╭─ RECORDS SHOWN
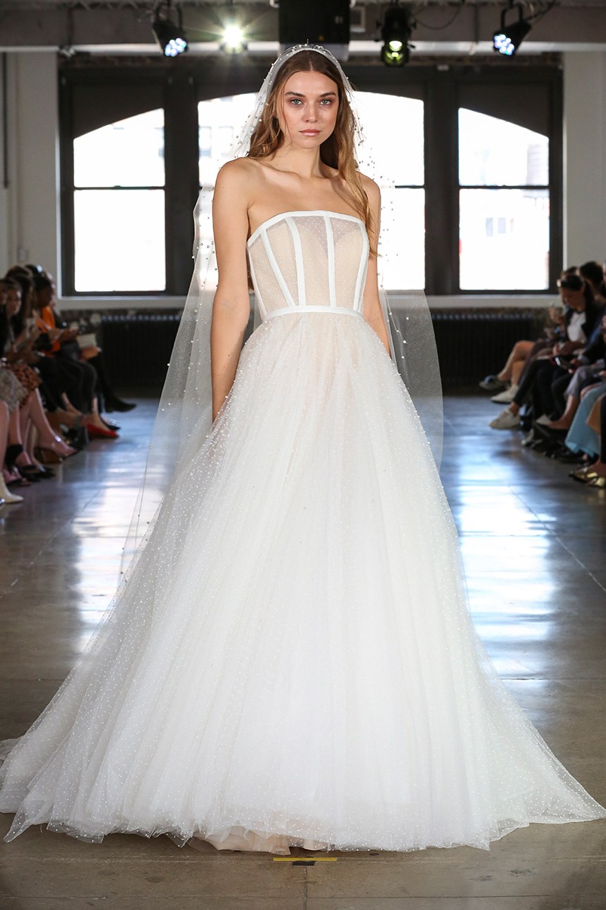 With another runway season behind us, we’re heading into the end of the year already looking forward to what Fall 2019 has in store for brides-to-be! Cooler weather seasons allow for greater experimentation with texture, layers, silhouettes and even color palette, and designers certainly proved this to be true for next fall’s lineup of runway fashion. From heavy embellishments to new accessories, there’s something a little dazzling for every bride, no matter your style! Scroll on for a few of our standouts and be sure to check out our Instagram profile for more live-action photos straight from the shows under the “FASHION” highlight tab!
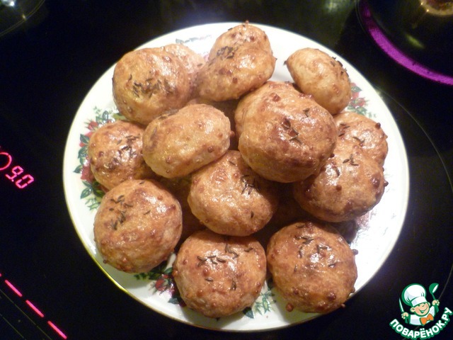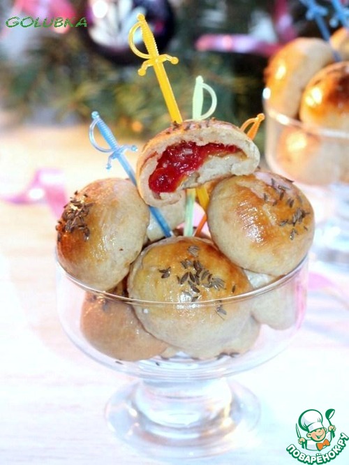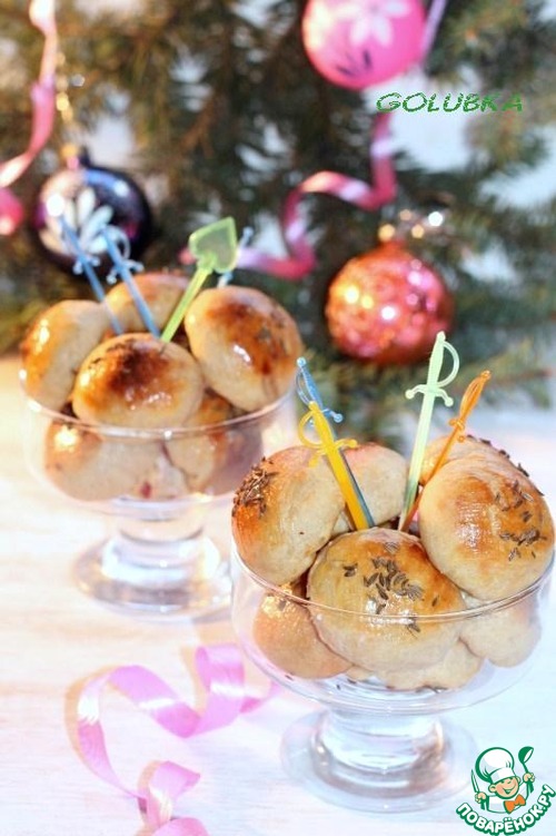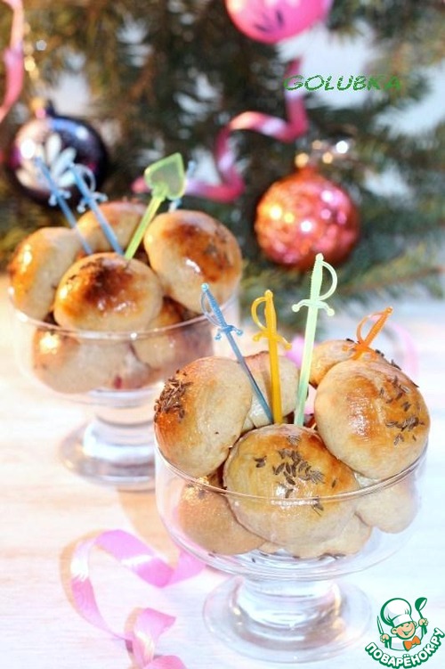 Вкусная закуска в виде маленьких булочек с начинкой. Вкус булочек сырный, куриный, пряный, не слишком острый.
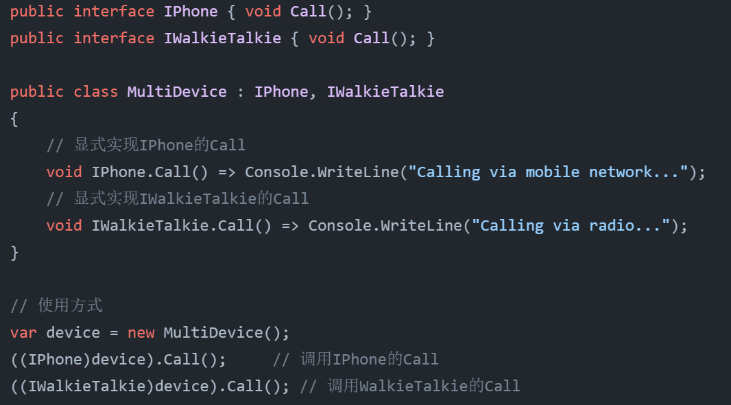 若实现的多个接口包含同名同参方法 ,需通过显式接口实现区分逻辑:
╰─
╭─ RECORDS SHOWN
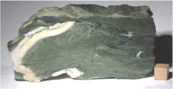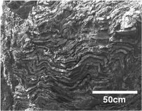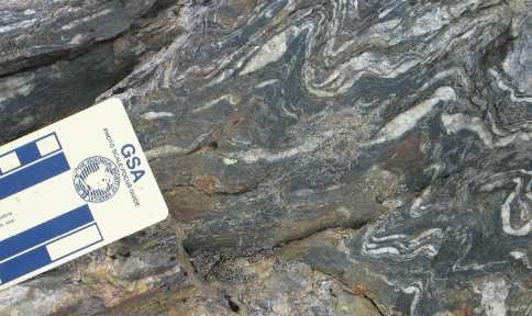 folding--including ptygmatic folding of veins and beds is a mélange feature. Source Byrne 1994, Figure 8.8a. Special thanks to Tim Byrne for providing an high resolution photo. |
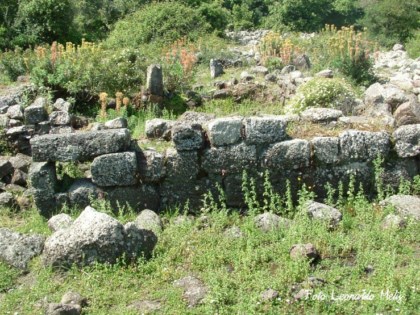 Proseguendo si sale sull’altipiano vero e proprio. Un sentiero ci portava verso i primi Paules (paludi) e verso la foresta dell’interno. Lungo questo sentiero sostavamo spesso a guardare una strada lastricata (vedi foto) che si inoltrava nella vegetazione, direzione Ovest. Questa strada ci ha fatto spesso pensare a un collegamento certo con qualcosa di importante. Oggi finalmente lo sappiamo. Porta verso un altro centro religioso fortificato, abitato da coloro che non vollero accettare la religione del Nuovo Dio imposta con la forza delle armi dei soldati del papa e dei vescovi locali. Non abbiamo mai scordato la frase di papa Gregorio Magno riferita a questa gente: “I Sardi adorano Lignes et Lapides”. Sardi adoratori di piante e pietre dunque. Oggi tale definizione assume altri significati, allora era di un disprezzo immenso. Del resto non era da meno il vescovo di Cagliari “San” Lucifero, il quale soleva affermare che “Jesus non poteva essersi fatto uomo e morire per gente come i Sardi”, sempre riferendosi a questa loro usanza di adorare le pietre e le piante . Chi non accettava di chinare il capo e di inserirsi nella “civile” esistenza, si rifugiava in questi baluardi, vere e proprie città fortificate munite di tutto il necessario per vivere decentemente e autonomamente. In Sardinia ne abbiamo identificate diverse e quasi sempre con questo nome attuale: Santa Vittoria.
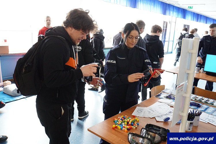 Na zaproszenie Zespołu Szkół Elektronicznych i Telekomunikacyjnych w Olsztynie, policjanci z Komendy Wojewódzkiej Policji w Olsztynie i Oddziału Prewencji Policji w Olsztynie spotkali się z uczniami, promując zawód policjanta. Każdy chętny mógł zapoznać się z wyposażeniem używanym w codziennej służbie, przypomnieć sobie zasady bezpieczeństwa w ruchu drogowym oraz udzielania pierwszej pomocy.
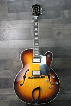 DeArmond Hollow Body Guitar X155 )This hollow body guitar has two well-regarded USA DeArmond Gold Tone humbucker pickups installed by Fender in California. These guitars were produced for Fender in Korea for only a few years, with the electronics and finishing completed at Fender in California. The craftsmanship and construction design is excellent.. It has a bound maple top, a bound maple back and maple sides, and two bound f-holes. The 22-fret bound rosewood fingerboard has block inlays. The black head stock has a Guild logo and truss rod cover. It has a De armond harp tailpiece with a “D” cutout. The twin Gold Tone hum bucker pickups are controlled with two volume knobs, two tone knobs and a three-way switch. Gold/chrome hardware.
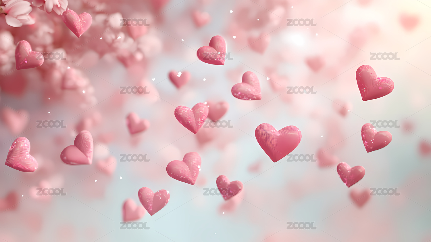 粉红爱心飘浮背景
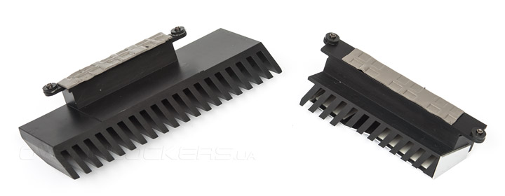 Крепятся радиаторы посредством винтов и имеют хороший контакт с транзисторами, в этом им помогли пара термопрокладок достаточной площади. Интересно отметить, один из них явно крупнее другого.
╰─
--- TASK TO CARRY OUT ---
Each line above starting at the one holding "folding--including ptygmatic folding" and ending at the one holding "Proseguendo si sale" should be set down exactly as it stands, both ends included, with no pictures.

--- THE COMPLETED TASK ---
 folding--including ptygmatic folding of veins and beds is a mélange feature. Source Byrne 1994, Figure 8.8a. Special thanks to Tim Byrne for providing an high resolution photo. |
 Proseguendo si sale sull’altipiano vero e proprio. Un sentiero ci portava verso i primi Paules (paludi) e verso la foresta dell’interno. Lungo questo sentiero sostavamo spesso a guardare una strada lastricata (vedi foto) che si inoltrava nella vegetazione, direzione Ovest. Questa strada ci ha fatto spesso pensare a un collegamento certo con qualcosa di importante. Oggi finalmente lo sappiamo. Porta verso un altro centro religioso fortificato, abitato da coloro che non vollero accettare la religione del Nuovo Dio imposta con la forza delle armi dei soldati del papa e dei vescovi locali. Non abbiamo mai scordato la frase di papa Gregorio Magno riferita a questa gente: “I Sardi adorano Lignes et Lapides”. Sardi adoratori di piante e pietre dunque. Oggi tale definizione assume altri significati, allora era di un disprezzo immenso. Del resto non era da meno il vescovo di Cagliari “San” Lucifero, il quale soleva affermare che “Jesus non poteva essersi fatto uomo e morire per gente come i Sardi”, sempre riferendosi a questa loro usanza di adorare le pietre e le piante . Chi non accettava di chinare il capo e di inserirsi nella “civile” esistenza, si rifugiava in questi baluardi, vere e proprie città fortificate munite di tutto il necessario per vivere decentemente e autonomamente. In Sardinia ne abbiamo identificate diverse e quasi sempre con questo nome attuale: Santa Vittoria.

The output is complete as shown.